FCC Commissioner Asks Apple and Google To Ban TikTok
Brendan Carr, one of the leaders of the US Federal Communications Commission (FCC) asked Apple and Google to remove TikTok from their respective app stores. In a letter to the Apple and Google CEOs shared on Twitter (via CNBC), Carr pointed out the “vast troves of sensitive data” TikTok collects from US users.
TikTok is owned by ByteDance, a Beijing-based company that is “required by Chinese law to comply with the PRC’s surveillance demands,” Carr claims.
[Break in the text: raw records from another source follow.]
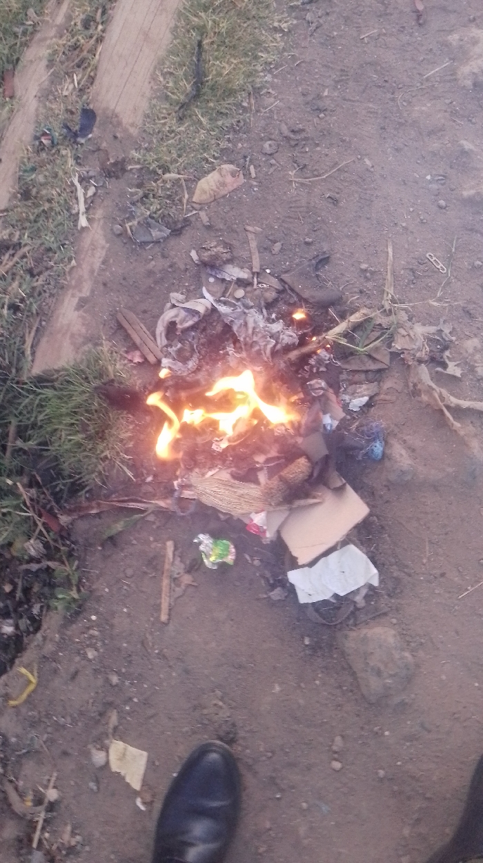 A small fire burns on the ground amidst scattered trash, including paper, cardboard, plastic, and bits of fabric. Patches of green grass border the area. The ground is dirt and rocks. A pair of black shoes are seen in the lower part of the image.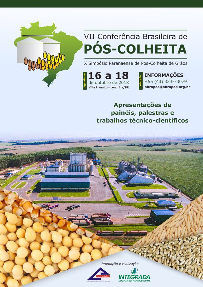 Londrina sediará entre os dias 16 e 18 de outubro a VII Conferência Brasileira de Pós-colheita (VIICBP2018) e o X Simpósio Paranaense de Pós-Colheita de Grãos. O evento, que neste ano será realizado pela Cooperativa Integrada, em parceria com a Associação Brasileira de Pós-Colheita (Abrapós), será o maior evento do segmento no Brasil.
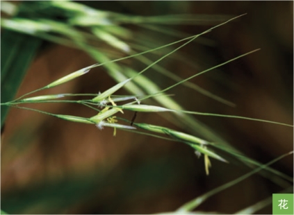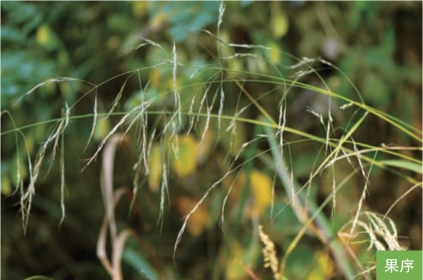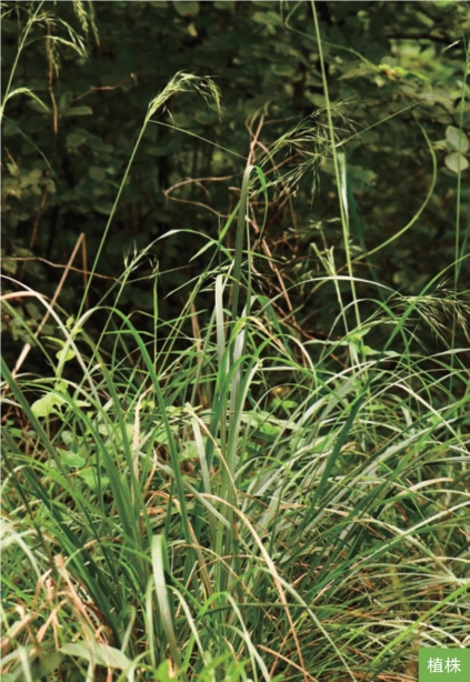 形态特征:多年生草本。秆直立,高达2米。叶互生;叶舌膜质,长约1毫米;叶片线形,长达50厘米,宽4~10毫米。圆锥花序开展,分枝2~6枚簇生,成熟后水平开展;小穗长6~10毫米,草绿色或紫色;颖膜质,近等长或第一颖稍短;外稃背部密被柔毛,芒长约2厘米,一回膝曲,芒柱扭转且具短微毛;内稃无脊,成熟时背部裸出。颖果纺锤形,长约4毫米。花果期7—9月。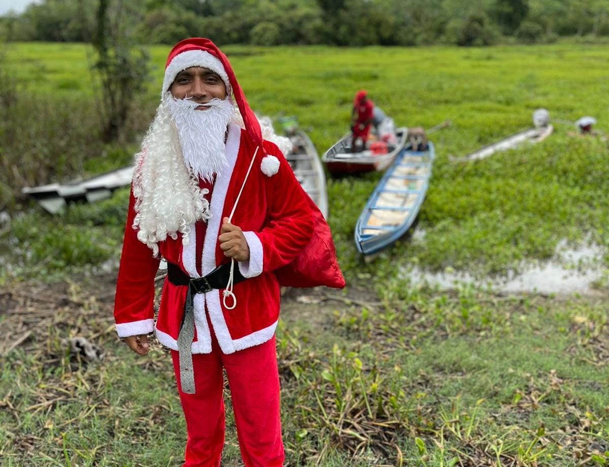 Em Cruzeiro do Sul, Papai Noel distribui presentes em comunidades ribeirinhas

The FCC Commissioner also cited a recent report from Buzzfeed, which revealed that ByteDance officials have accessed data from Americans despite the company claiming that data from US TikTok users was being stored in the US.
TikTok is not just another video app.
That’s the sheep’s clothing.It harvests swaths of sensitive data that new reports show are being accessed in Beijing.
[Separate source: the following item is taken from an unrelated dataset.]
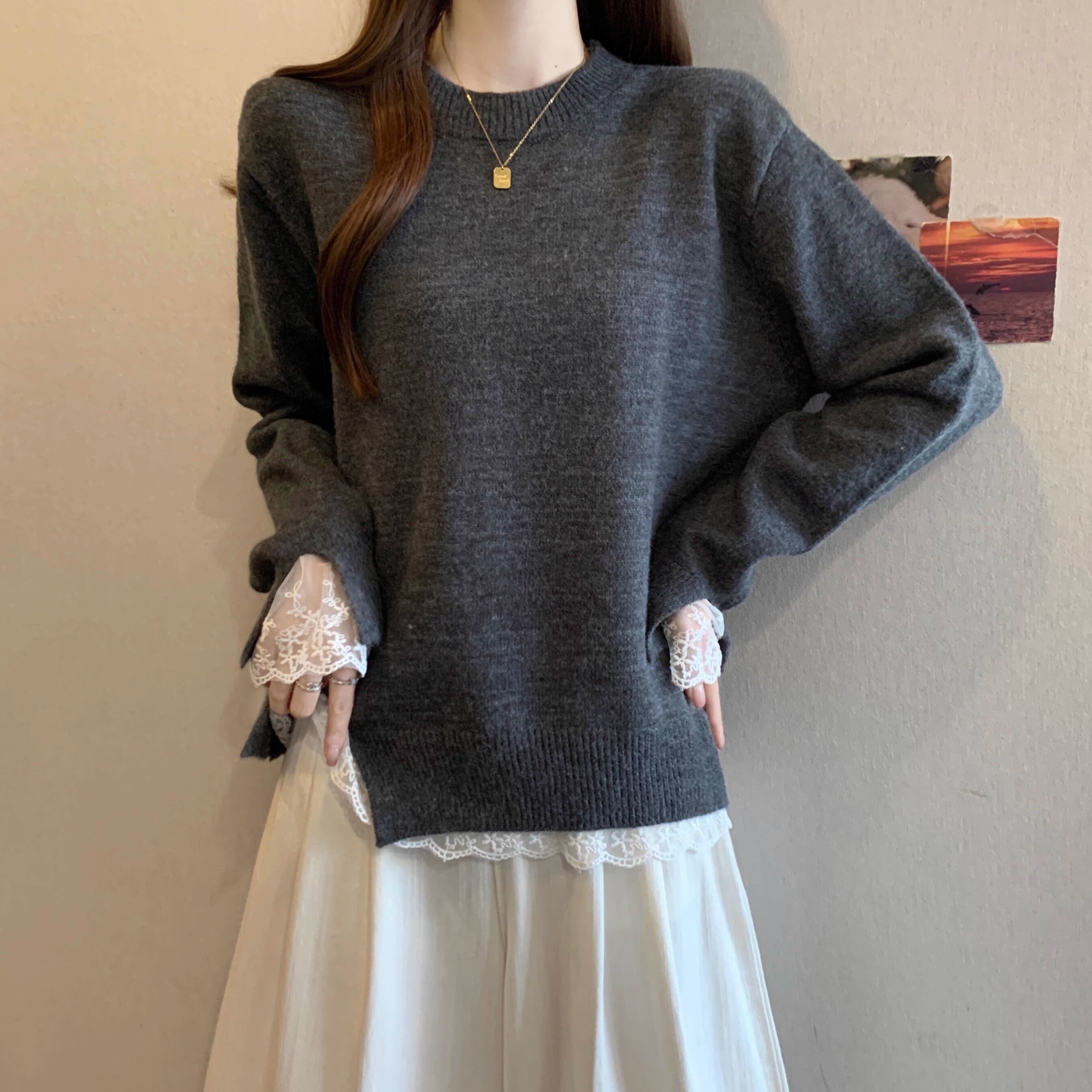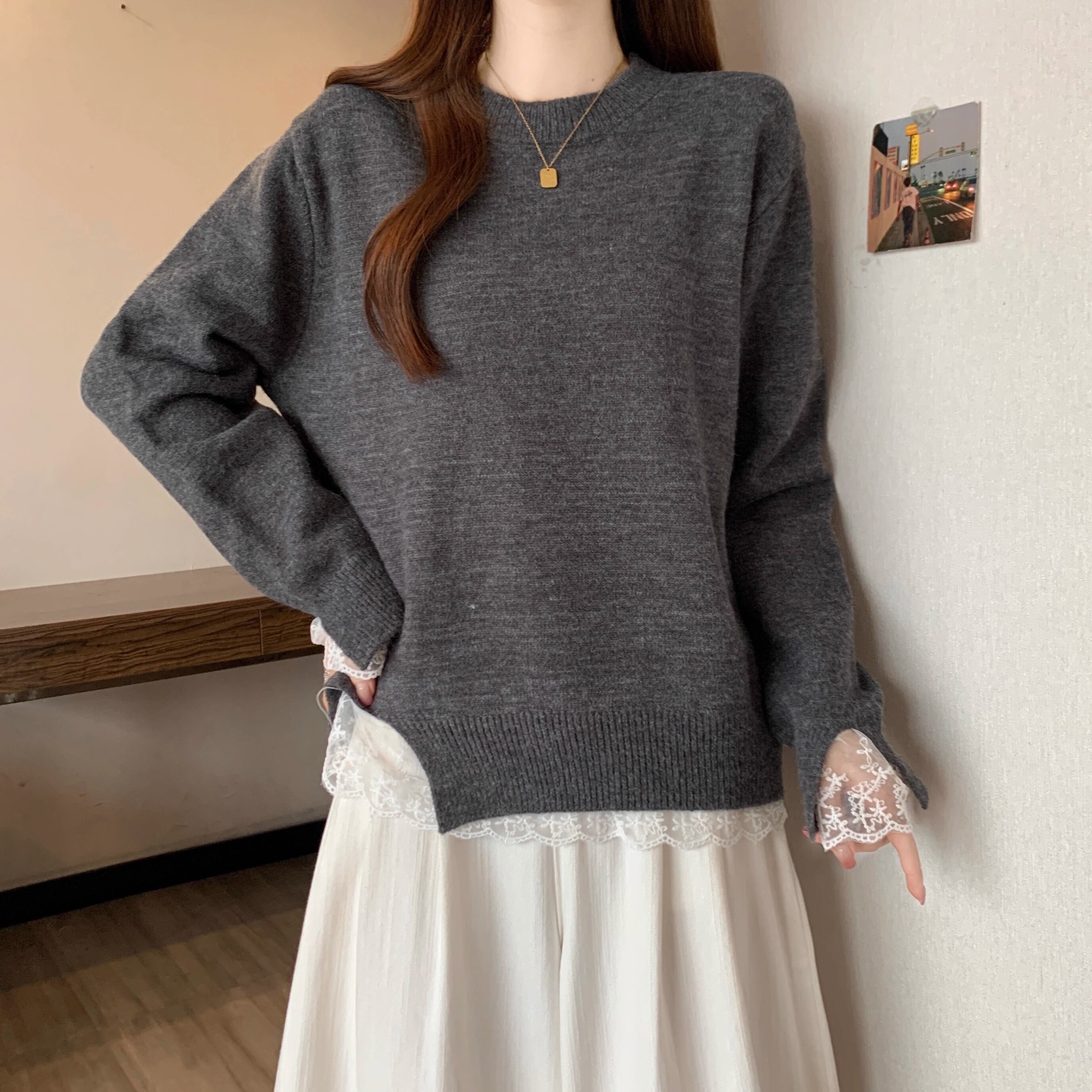 2色/フロントリボンフラワーラメニットトップス ・73833

I’ve called on @Apple & @Google to remove TikTok from their app stores for its pattern of surreptitious data practices. pic.twitter.com/Le01fBpNjn
— Brendan Carr (@BrendanCarrFCC) June 28, 2022
“At its core, TikTok functions as a sophisticated surveillance tool that harvests extensive amounts of personal data and sensitive data,” Carr wrote. “Last week’s new report only adds to an overwhelming body of evidence that TikTok presents a serious national security threat.”
Following the report from Buzzfeed, TikTok announced on June 17 that 100% of user data was now being routed to Oracle infrastructure. “We still use our US and Singapore data centers for backup, but as we continue our work we expect to delete US users’ private data from our own data centers and fully pivot to Oracle cloud servers located in the US,” the company said last week.
That’s apparently not enough for the FCC Commissioner, who wrote that TikTok’s statement about US user data “says nothing about where that data can be accessed from.” That’s why Carr is urging Apple and Google to take action, emphasizing the fact that both companies “have long claimed to operate their app stores in a manner that protects consumer privacy and safeguards their data.”
The FCC Commissioner ended his letter by asking Apple and Google to provide official statements by July 8 in case the two companies refuse his request to pull TikTok from their respective App Stores.